The water is up to my waist. I can feel the beach dropping away sharply and the current is beginning to suck at my feet. I can’t go much farther. I lean forward and fling out my arms but he’s just out of reach. His eyes are wild with fear and his arms are flailing out in all directions. I take another step forward but I can’t feel anything beneath my feet and I jerk back, nearly falling down. The man screams and reaches toward me, just as a huge wave splashes my face, blinding me for a few seconds. When my eyes clear I can see the man is a bit nearer. It’s now or never, I think, and straining forward I manage to grab his wrist. He’s so slippery and heavy I almost let go, but Samir is in the water now and reaches us just in time. Together we heave the man back up to dry land and collapse on the ground.

I’m lying there practically dead myself and Trudy is whimpering and licking my face and then I hear Samir gasp. I open my eyes. It’s like a horror film.

I’m practically eyeball to eyeball with the man and his face is all bloody and bruised, one eye puffed up like a football. Terrified, I scrabble backward and grip Trudy to my chest so hard she yelps in pain.

“Is he dead?” I whisper, my teeth already beginning to chatter violently from the cold.

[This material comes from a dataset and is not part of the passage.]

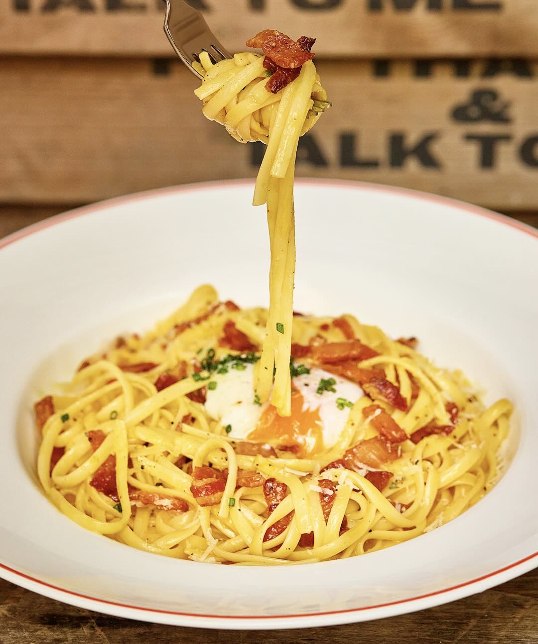 As the day unfolds, heartier options take centre stage. Tuna poke donburi with avocado, spring onion and onsen egg sits alongside steak gyudon topped with chimichurri and crispy shallots. Linguine carbonara with onsen egg and parmesan caters to pasta cravings, while the EG Burger delivers comfort through a wagyu patty, cheddar, rocket and tomato, served with fries. The menu is intentionally versatile, supporting everything from solo laptop sessions to relaxed group dinners.

Samir doesn’t answer. He’s up on his knees, his fingers on the man’s wrist, looking for a pulse. If he’s not dead, I think, he will be soon. This bloke didn’t have time to get dressed this morning. He’s only wearing a pair of tatty shorts. Trudy escapes from my arms and starts to lick the man’s face, which seems a good idea, and then there’s a spluttering sound and Samir props up the lifeless-looking head, pushing Trudy away.

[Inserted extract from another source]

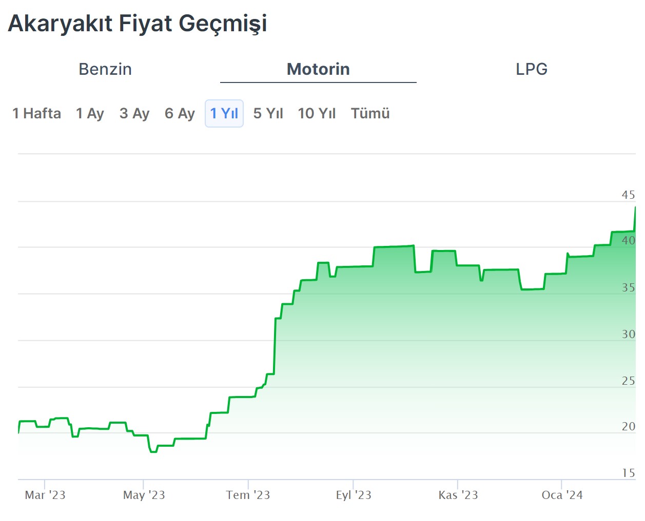 Motorinin litre fiyatında gece saatlerinden itibaren geçerli olacak şekilde artışa gidildi. İşte zam sonrası güncel akaryakıt fiyatları.. Akaryakıtta zamlara bir yenisi daha eklendi. Buna göre motorinin litre fiyatına gece saatlerinden itibaren geçerli olacak şekilde 2,59 TL zam yapıldı. Son zammın ardından bugünden itibaren geçerli olmak üzere İstanbul Avrupa yakasında motorinin litre fiyatı 44,29 TL’ye ulaştı. Motorine yapılan son zammın ardından yılbaşından bu yana fiyatlar yüzde 18,5 artarken, seçimlerden bu yana bakıldığında ise motorin fiyatlarında yüzde 129 artış gerçekleşti. Kaynak: Doviz.com – Akaryakıt Fiyatları Benzin fiyatlarında bir değişikliğe gidilmez iken benzinin litre fiyatı 39,40 TL'de sabit kaldı. Böylelikle motorine yapılan zammın ardından benzin ile motorin arasındaki makas da 5 TL'ye yaklaştı. Akaryakıt fiyatları nasıl hesaplanıyor? Türkiye'de benzin ve motorin fiyatları hesaplanırken; Gümrüksüz rafineri fiyatına ÖTV ve EPDK payının eklenmesiyle KDV hariç Rafineri satış fiyatı bulunuyor. Gümrüksüz Rafineri Fiyatı hesaplanırken ise Akdeniz-İtalyan piyasasında yayınlanan günlük CIF Akdeniz ürün fiyatları ve günlük dolar kuru takip edilerek, belli bir fiyat değişim farkında gümrüksüz rafineri tavan satış fiyatı elde ediliyor. [news_id:724055]

I know I should try and rub some life into his blue-looking legs. Grandpa was always going on about sailors practically freezing to death at sea. “Hypothermia. The body temperature drops quick on deck in winter,” he used to say, scanning the horizon.

But I can’t bring myself to touch the creepy flesh. Maybe he’s already dead, I think, and this is what they mean in books by being in “death throes.”

I grab Trudy’s collar and pull her away. A weird sound like shouting under water comes from the man’s mouth and he opens his one good eye and some water dribbles from the corner of his mouth. Don’t be sick, I plead silently. I’m no good if someone’s sick.

But the man isn’t sick, instead a torrent of words pours out of his mouth, at first in a very croaky voice and then louder and louder, until he’s shouting like a lunatic and throwing his arms around.

Trouble is I can’t understand a word.